### Problem
Set the whole listing down again, word for word, with no pictures.

### Data excerpt
▼
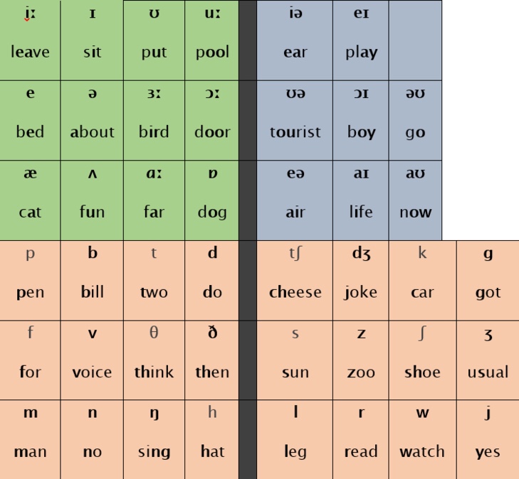 A poster or diagram of the phonemic symbols arranged in a particular order. Below is an example of the International Phonetic Alphabet or IPA.
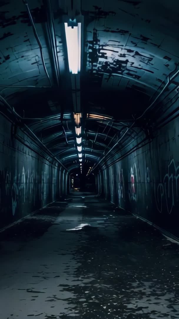 AI Generated Image. Showing vertical video gliding through narrow flickering-tube tunnel lined with graffiti and puddles. Fluorescent tubes flickering overhead, casting cool blue-green tones and creating reflective wet floor. Walls featuring peeling paint, scribbled tags, exposed cables and conduits along arched ceiling, projecting gritty urban mood and deep perspective. Floor showing scattered puddles and worn concrete textures catching light. Suiting use for thriller and horror sequences, urban music videos, cyberpunk visuals, fashion campaigns, streetwear commercials, documentary b-roll, title sequences, game trailers, background loops for events, and social media vertical ads. Providing atmospheric transition clips for editing, mood-building overlays, and cinematic establishing shots. Recommending slow push or steady glide, adding subtle camera shake and ambient tunnel reverb, color grading toward teal or desaturated tones, and layering grain and vignette for extra grit. Delivering vertical format optimized for mobile distribution, TikTok, Instagram Reels, Stories and vertical ad placements.
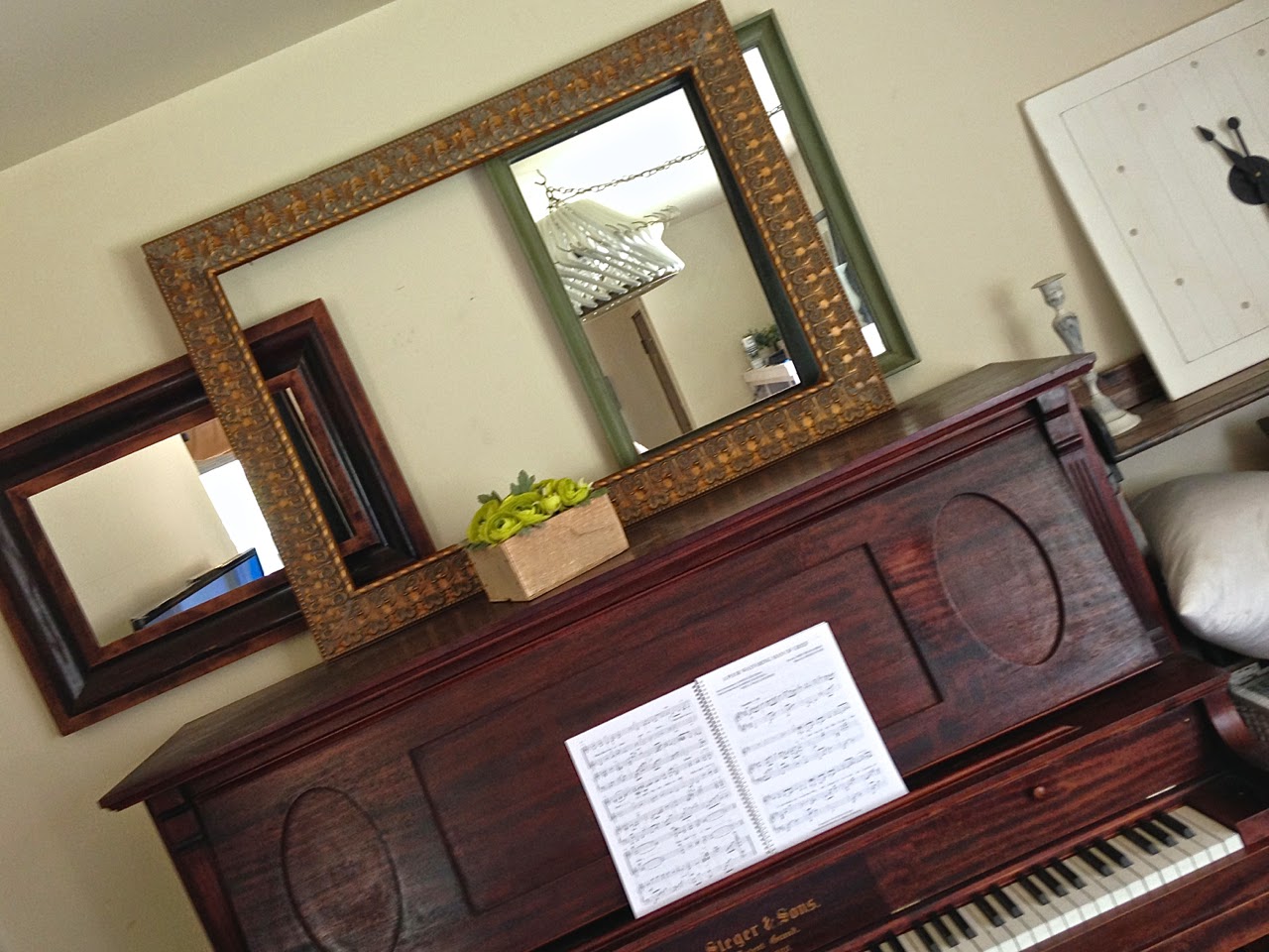 I liked the frame of the mirror and put it on my piano to be out of the way. Turns out I kind of like it sitting up there!
▲
### Reply
 A poster or diagram of the phonemic symbols arranged in a particular order. Below is an example of the International Phonetic Alphabet or IPA.
 AI Generated Image. Showing vertical video gliding through narrow flickering-tube tunnel lined with graffiti and puddles. Fluorescent tubes flickering overhead, casting cool blue-green tones and creating reflective wet floor. Walls featuring peeling paint, scribbled tags, exposed cables and conduits along arched ceiling, projecting gritty urban mood and deep perspective. Floor showing scattered puddles and worn concrete textures catching light. Suiting use for thriller and horror sequences, urban music videos, cyberpunk visuals, fashion campaigns, streetwear commercials, documentary b-roll, title sequences, game trailers, background loops for events, and social media vertical ads. Providing atmospheric transition clips for editing, mood-building overlays, and cinematic establishing shots. Recommending slow push or steady glide, adding subtle camera shake and ambient tunnel reverb, color grading toward teal or desaturated tones, and layering grain and vignette for extra grit. Delivering vertical format optimized for mobile distribution, TikTok, Instagram Reels, Stories and vertical ad placements.
 I liked the frame of the mirror and put it on my piano to be out of the way. Turns out I kind of like it sitting up there!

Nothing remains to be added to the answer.